Data segment:
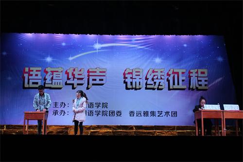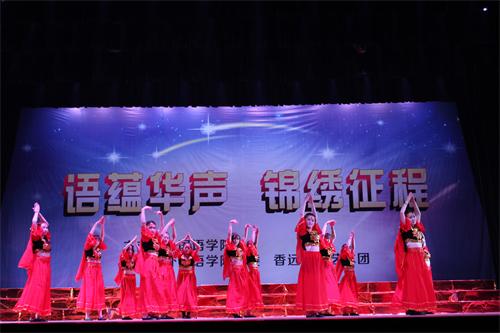 晚会伊始,主持人分别用中、英、日三种语言向大家介绍了外院“127”计划及三大特色教育,充分体现了外语专业的特色。晚会在现代舞协会带来的《神的随波逐流》中拉开了序幕,活泼欢快的节奏让大家很快融入晚会气氛中;声乐协会表演者慵懒声线演唱的歌曲《迷迭香》,让人沉醉其中,流连忘返;随后歌颂长征精神的快板剧《如歌的快板》更是热情激昂,令人心潮澎湃;小品《超级模特队》中,T台与小品相结合的形式让人耳目一新,赢得了观众的一致好评;由爵士舞协会带来的爵士舞《crazy+call me baby》活力四射,引爆全场,将活动气氛推向高潮。
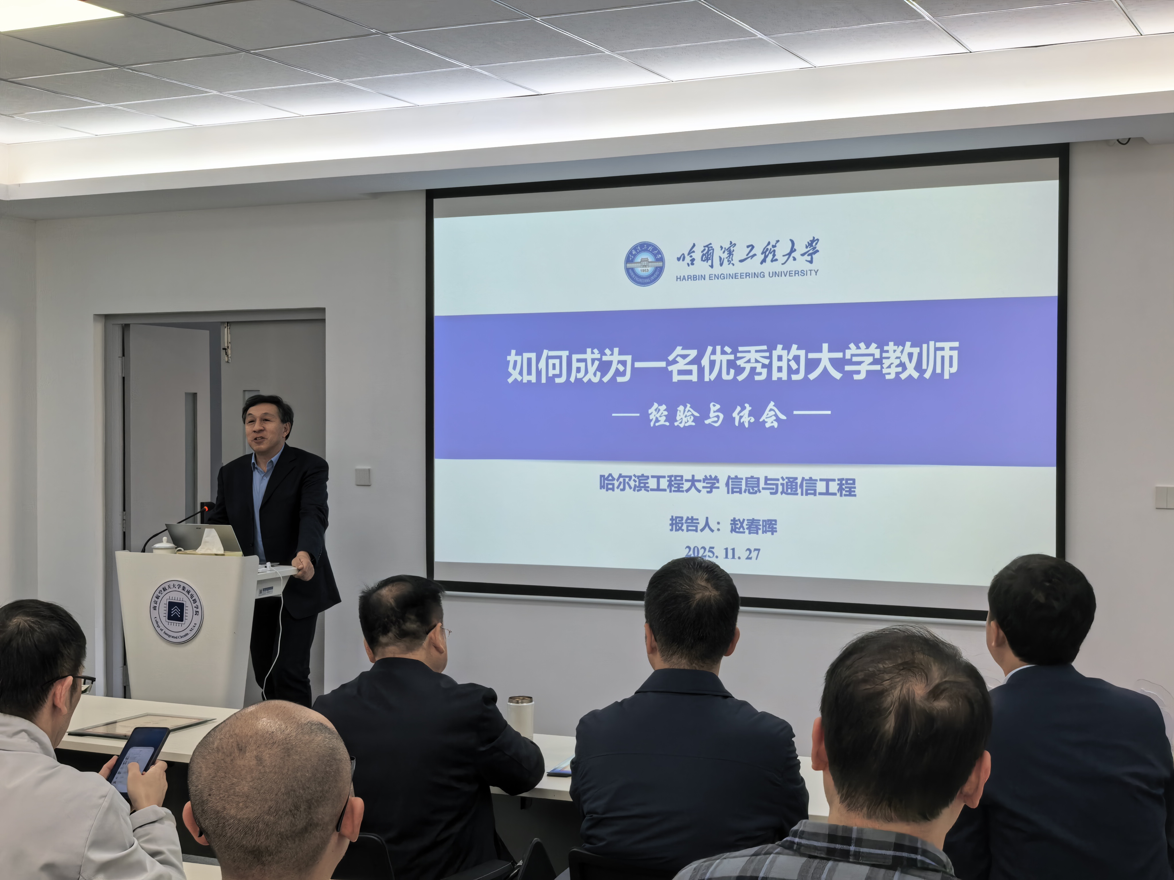 11月28日下午,教师全员校本培训名师报告在51看片 8402举行。国家级教学名师赵春晖为青年教师作题为“如何做一位优秀的大学老师”专题报告。教师发展与教学评估中心主任李晋斌、51看片 副院长崔益军、国家级教学名师王成华以及各51看片教师60余人参加,报告由王成华教授主持。
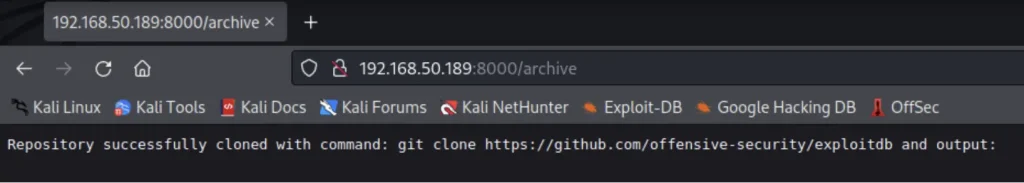 kali@kali:~$ curl -X POST --data 'Archive=git version' http://192.168.50.189:8000/archive
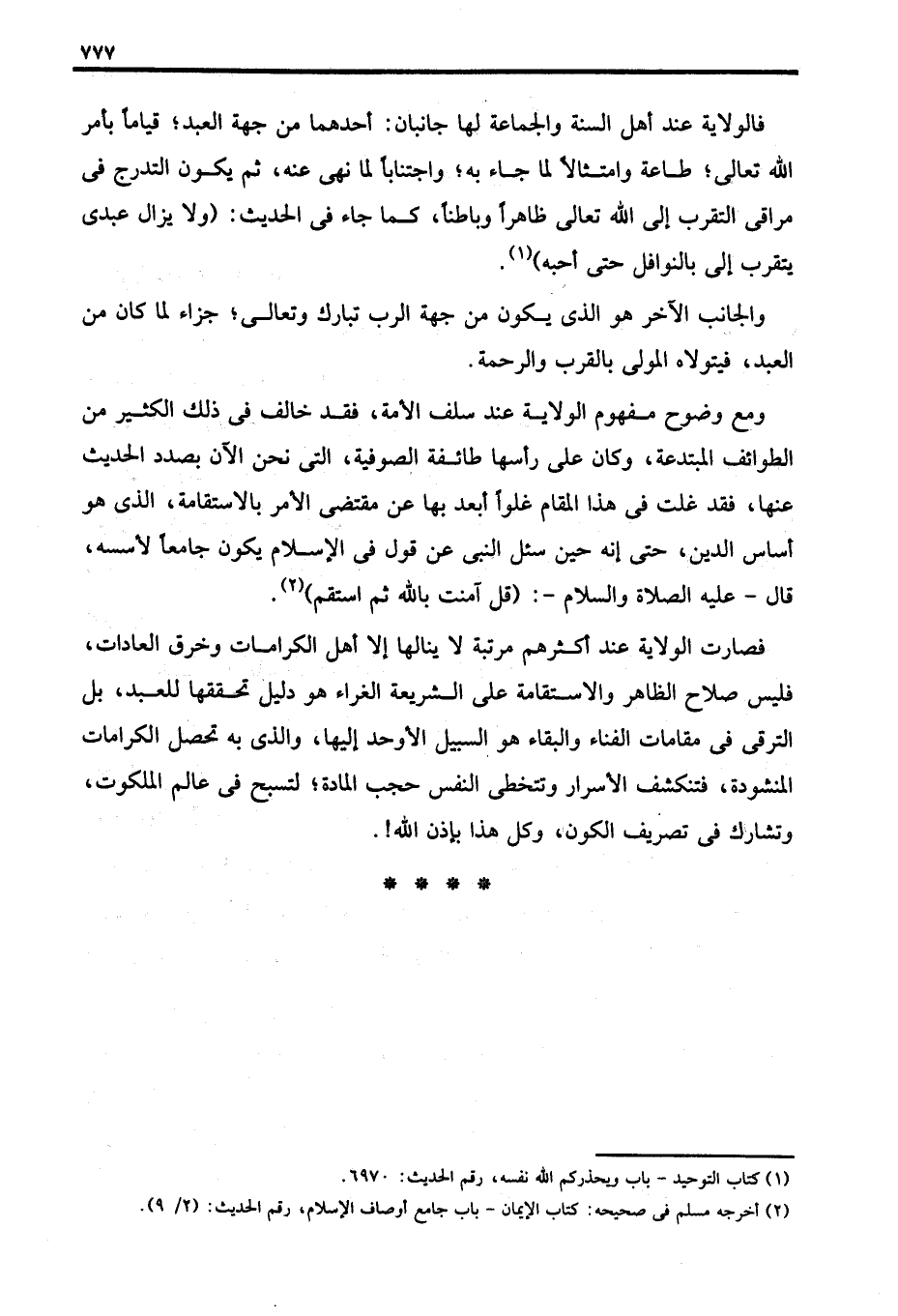 فصارت الولاية عند أكثرهم مرتبة لا ينالها إلا أهل الكرامات وخرق العادات، فليس صلاح الظاهر والاستقامة على الشريعة الغراء هو دليل تحققها للعبد، بل الترقى في مقامات الفناء والبقاء هو السبيل الأوحد إليها، والذي به تحصل الكرامات المنشودة، فتنكشف الأسرار وتتخطى النفس حجب المادة؛ لتسبح في عالم الملكوت، وتشارك في تصريف الكون، وكل هذا بإذن الله! .

Task statement: Copy out the data verbatim, with no pictures.

Written answer:
 晚会伊始,主持人分别用中、英、日三种语言向大家介绍了外院“127”计划及三大特色教育,充分体现了外语专业的特色。晚会在现代舞协会带来的《神的随波逐流》中拉开了序幕,活泼欢快的节奏让大家很快融入晚会气氛中;声乐协会表演者慵懒声线演唱的歌曲《迷迭香》,让人沉醉其中,流连忘返;随后歌颂长征精神的快板剧《如歌的快板》更是热情激昂,令人心潮澎湃;小品《超级模特队》中,T台与小品相结合的形式让人耳目一新,赢得了观众的一致好评;由爵士舞协会带来的爵士舞《crazy+call me baby》活力四射,引爆全场,将活动气氛推向高潮。
 11月28日下午,教师全员校本培训名师报告在51看片 8402举行。国家级教学名师赵春晖为青年教师作题为“如何做一位优秀的大学老师”专题报告。教师发展与教学评估中心主任李晋斌、51看片 副院长崔益军、国家级教学名师王成华以及各51看片教师60余人参加,报告由王成华教授主持。
 kali@kali:~$ curl -X POST --data 'Archive=git version' http://192.168.50.189:8000/archive
 فصارت الولاية عند أكثرهم مرتبة لا ينالها إلا أهل الكرامات وخرق العادات، فليس صلاح الظاهر والاستقامة على الشريعة الغراء هو دليل تحققها للعبد، بل الترقى في مقامات الفناء والبقاء هو السبيل الأوحد إليها، والذي به تحصل الكرامات المنشودة، فتنكشف الأسرار وتتخطى النفس حجب المادة؛ لتسبح في عالم الملكوت، وتشارك في تصريف الكون، وكل هذا بإذن الله! .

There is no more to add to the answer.